Anyone looking for Cuomo will have to hunt for him in the ballot line on Row “I,” which is slot number eight.
Mamdani’s appears on row A as the Democratic candidate and a second time as the Working Families candidate on Row D. The low profile Conservative party candidate, Irene Estrada, is in the number three spot on Row C. And then comes again Sliwa, on Row B as Republican but on Row E for his second line, Protect Animals, which is in the fifth slot. Then the two non-candidates appear, Walden and Adams. Then finally comes Cuomo in the eighth slot. Only Jim Hernandez on the Quality of Life party (Row G) ranks lower on the ballot lineup.
The independent candidates are picked in random by the Board of Elections when there is no vote tally from past elections. And since the bulk of the independents are essentially little more than vanity vehicles created during the petition process to support single candidates before disappearing after the election, the new entities have no input as to where they end up on the ballot lineup.
But most poll watchers agree that place in the line up could have some influence.

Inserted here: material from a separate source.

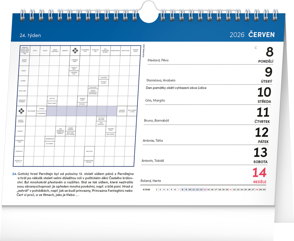 Stolní kalendář s křížovkami na každý týden. Díky háčku ho můžete zavěsit na stěnu či ponechat na stole. Obsahuje české kalendárium se jmény, svátky a památnými dny, měsíční přehled a dostatek prostoru na poznámky.

”There’s no doubt ballot placement affects some percentage of the vote but there’s no consensus how much an effect it has,” said veteran strategist Jerry Skurnik of Engage Voters USA. Two mayoral elections ago, down ballot independents drew over five percent which did not matter much that year but if it the race tightens down this year, it could matter. “In 2017, Conservatives endorsed the Republican candidate and there were five independents who received 5.4 percent,” Skurnik said.
“It’s very important for undecided votes,” said Kenneth Frydman, a PR consultant who was press secretary for Rudy Giuliani’s successful run for mayor in 1994 before turning into a relentless critic of the former mayor in recent years. “Voters are not going to go five or six across and two down to find Cuomo,” Frydman ventured.
Manhattan #1 in Early Voting
Another new wrinkle. Early voting on day one, Oct. 25, was five times higher than the last mayoral race in 2021, according to numbers released by the NYC Board of Elections. Unofficial results showed that citywide, 79,409 voted on day one with 24,046–nearly one third of the tally–turning out in Manhattan making it number one. It beat the day one turnout of Brooklyn which had 22,105 and Queens with 19,405.
Four years ago, only 15,418 showed up across all five boroughs to vote early on day one. But many forget that by election day 2021 there was a new variant of COVID circulating again and masks were once again being recommended. That could have spurred mail-in voting but dampened in-person early voting.
Early voting ends on Sunday, Nov. 2. Check your local polling place at Votenyc of by calling 1-866-Vote-NYC because early voting and election day on Nov. 4 are often held at different locations.